Shendy menegaskan bahwa, Alfamart harus menghormati Peraturan Wali Kota (Perwali) Nomor 37 Tahun 2023 soal operasional serta tenaga kerja. “Yang harus diutamakan adalah tenaga kerjanya, kemudian manajemen termasuk perizinan,” ucapnya.
Shendy menegaskan bahwa, dalam rapat kerja itu ditemukan adanya ketidak cocokan data antara Dinas Penanaman Modal dan Pelayanan Terpadu Satu Pintu (DPMPTSP) dan Dinas Koperasi, Usaha Kecil, Menengah, Perdagangan dan Perindustrian (Dinkukmdagin) kota bogor.

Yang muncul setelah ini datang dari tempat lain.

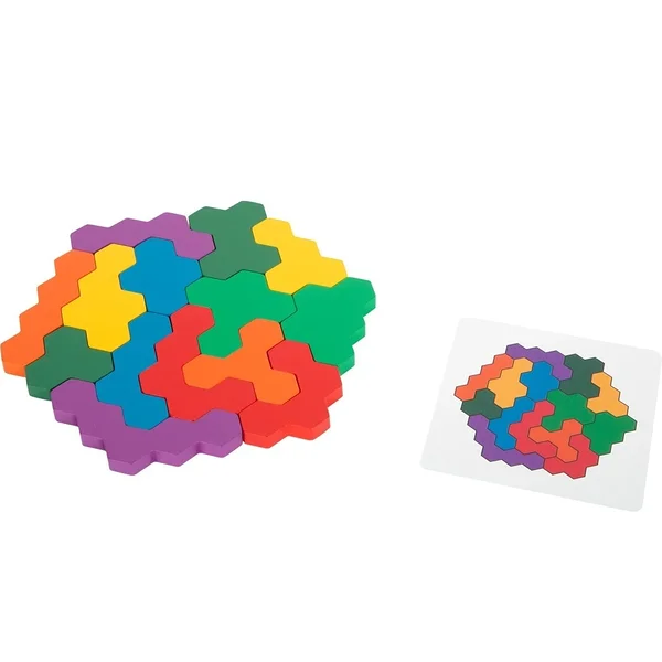 Tõeline ajutrenn väikestele nuputajatele! Selle erikujulise puidust pusle eesmärk on paigutada mesikärjekujulised detailid õigesti mängukaartidel etteantud mustri järgi.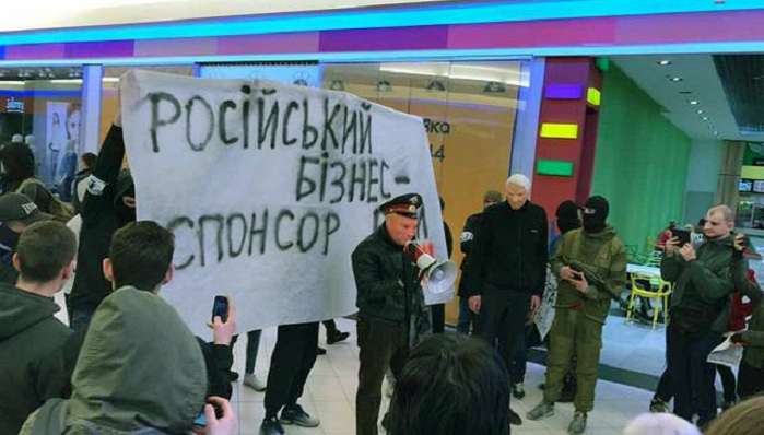 По сообщениям СМИ, проукраинские активисты в Киеве начали блокировать российские магазины "Спортмастер" и Gloria Jeans. В минувшие выходные участники батальона "Азов" провели демонстрации вблизи торговых центров.

“Kan disitu dilaporkan bahwa ada 157 gerai, dan 600 pegawai ber-KTP kota bogor, sementara total karyawan ada 1.330. Artinya tidak setengahnya warga kota bogor,” jelas dia.
Kendati demikian, sambung dia, Alfamart berdalih bahwa tenaga kerja asal kota bogor lainnya tersebar di kota dan kabupaten lain.
“Ini akan kami cek, termasuk kaitan gaji dan BPJS. Kami ingin memastikan agar itu tak bertentangan dengan aturan,” katanya.
Sementara itu, Kepala Dinkukmdagin kota bogor, Atep Budiman mengatakan bahwa kota bogor memiliki regulasi yang dituangkan Perwali 37 tahun 2013 dan Perwali 10 Tahun 2017 yang mengatur soal jam operasional, jarak, pelayanan, dan kemitraan dengan UMKM.
Namun, seiring diterbitkannya UU Ciptaker, Permendag, dan peraturan pemerintah, daerah tak lagi diberi ruang untuk melakukan pengaturan. Sehingga perwali lama tak bertentangan dengan aturan di atasnya.
“Kami nggak mau melaksanakan pengaturan di lapangan menggunakan legal standing yang rawan bertentangan dengan aturan di atasnya,” ucapnya.
Atep menegaskan bahwa, perwali harus disesuaikan dengan acuan regulasi di atasnya. Namun, sambung Atep, pengusaha harus mengedepankan kearifan lokal agar tak terjadi gesekan.
Sebab, tujuan pemerintah menerbitkan perwali untuk menjaga keharmonisan antara semua pihak, termasuk mengikis persaingan dengan pedagang kecil. “Memang ada anggapan dari pedagang kecil, bila mereka (toko modern) berbuat semaunya,” ungkap Atep.
Atep menambahkan, UU Ciptaker justru memudahkan dan membantu pemerintah dalam memajukan perekonomian, termasuk penyerapan tenaga kerja.